In recent years, talking soft toys have been added to the range of Churchill merchandise, and the character has a page on social networking site Facebook. Churchill starred in twenty-two pantomimes around the UK in 2009 and in August 2010, he made appearances at Pontins holiday camps before returning for his second pantomime run.

Martin Clunes starred in Churchill's new television campaign from December 2011, with a series of ads featuring Clunes as Churchie's new pet owner until November 2012, when he was removed after being banned from driving. Clunes was replaced by Dawn French as Churchill the dog's new owner in the next series of television adverts from February 2013 until June 2014. A solo advert in May 2013 featured Churchill riding on a kids' ride to the tune of Gary Numan's song "Cars."
In June 2015-January 2018, Churchill goes solo again with his final adverts featuring talking sentient furniture, cars and homes with the new slogan "Depend on the Dog".

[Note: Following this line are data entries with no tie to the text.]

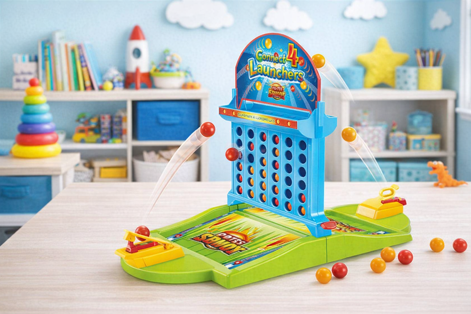 Erleben Sie mit dem interaktiven Connect 4 Abschuss-Spiel einen aufregenden Spielspaß. Das bunte Design kombiniert leuchtende Farben wie Blau, Gelb und Rot und besteht aus robustem Kunststoff. Dieses Spielzeug fördert die Hand-Augen-Koordination und strategisches Denken, indem Spieler ihre Kugeln mithilfe von Launchern zielen und in das Raster schießen, um vier in einer Reihe zu verbinden. Geeignet für Kinder ab 6 Jahren und ideal für drinnen. Das perfekte Geschenk für kleine Strategen, das sowohl Spaß als auch Lernwert bietet.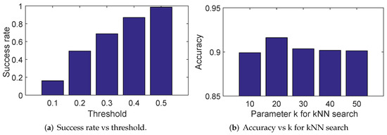 At the query phase, we conduct a top-down search within our context database. We assign each representation the same detailed context label of its k nearest neighbors, using cosine distance as a metric. If the nearest distance is larger than our predefined threshold, we record it as a “failure case”. We manually examine the assigned labels based on their corresponding locations for validation. As shown in Figure 9, we firstly evaluate the success rate given different thresholds. The success rate of queries increases when the threshold increases, and a threshold of 0.5 can cover 98.6% of queries. We then evaluate classification accuracy under threshold of 0.5 for different k values, and achieve the highest classification accuracy of 91.62% when ; the accuracies at different k values are all above 90%. The results show that our model can successfully recognize most contexts given a sufficient and well-labelled database.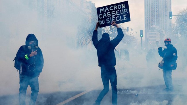 Unjuk rasa besar-besaran memprotes reformasi pensiun tengah digelar di Prancis. Sekitar 1,28 juta orang dilaporkan mogok kerja dan turun ke jalanan di berbagai wilayah Prancis untuk memprotes rencana Presiden Emmanuel Macron menaikkan batas usia pensiun menjadi 64 tahun.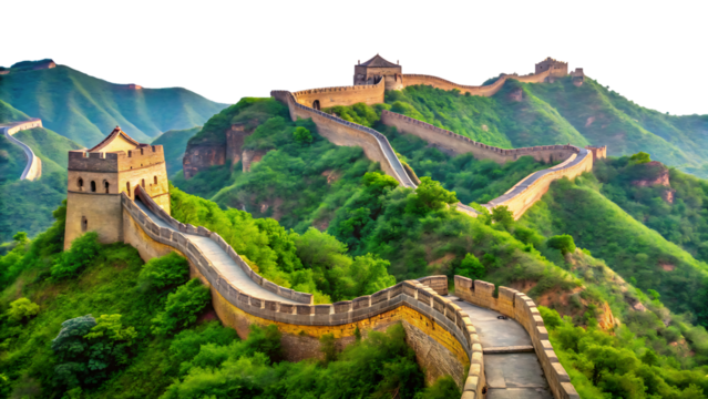 Great Wall of China, winding over lush green mountains with watchtowers and stone battlements, cutout, PNG, isolated on white or transparent background, AI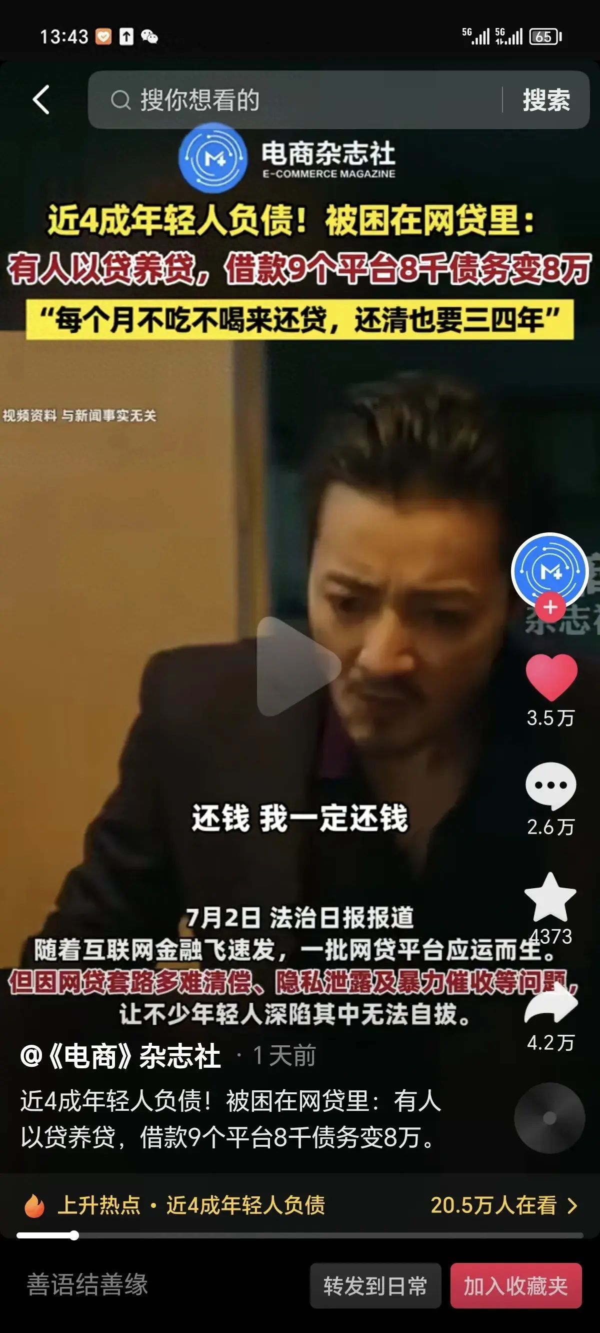 7.2日,据法制日报报道:近4层年轻人陷入贷款困局,被困在贷款里面无法自拔,有些人为了还贷款,通过以贷养贷的方式来偿还贷款,但是带来的是永无止境的还贷款!

Churchill was once again redesigned in October 2019 for the company's new 'Chill' campaign, when his long-serving nodding dog design was replaced by a realistic, non-speaking CGI version.

==Controversy==
In January 2012, Churchill, along with sister company Direct Line, was fined £2.17m by the Financial Services Authority after being found guilty of altering complaints files.

In February 2013, Churchill received media attention after it appealed against a High Court of Justice judgement in the case of Bethany Probert, who, in 2009 when she was 13 years old, was hit by a car driven by one of the insurer's customers whilst walking along a country lane. The company eventually paid 90% of the claim. Mrs Twyman, 51, said: "Before the accident, Bethany was just a normal teenager. She was a very bright kid A* student - who loved being outside. Since the crash, Bethany has suffered numerous problems, including memory loss, balance problems, and seizures. She uses a wheelchair some of the time.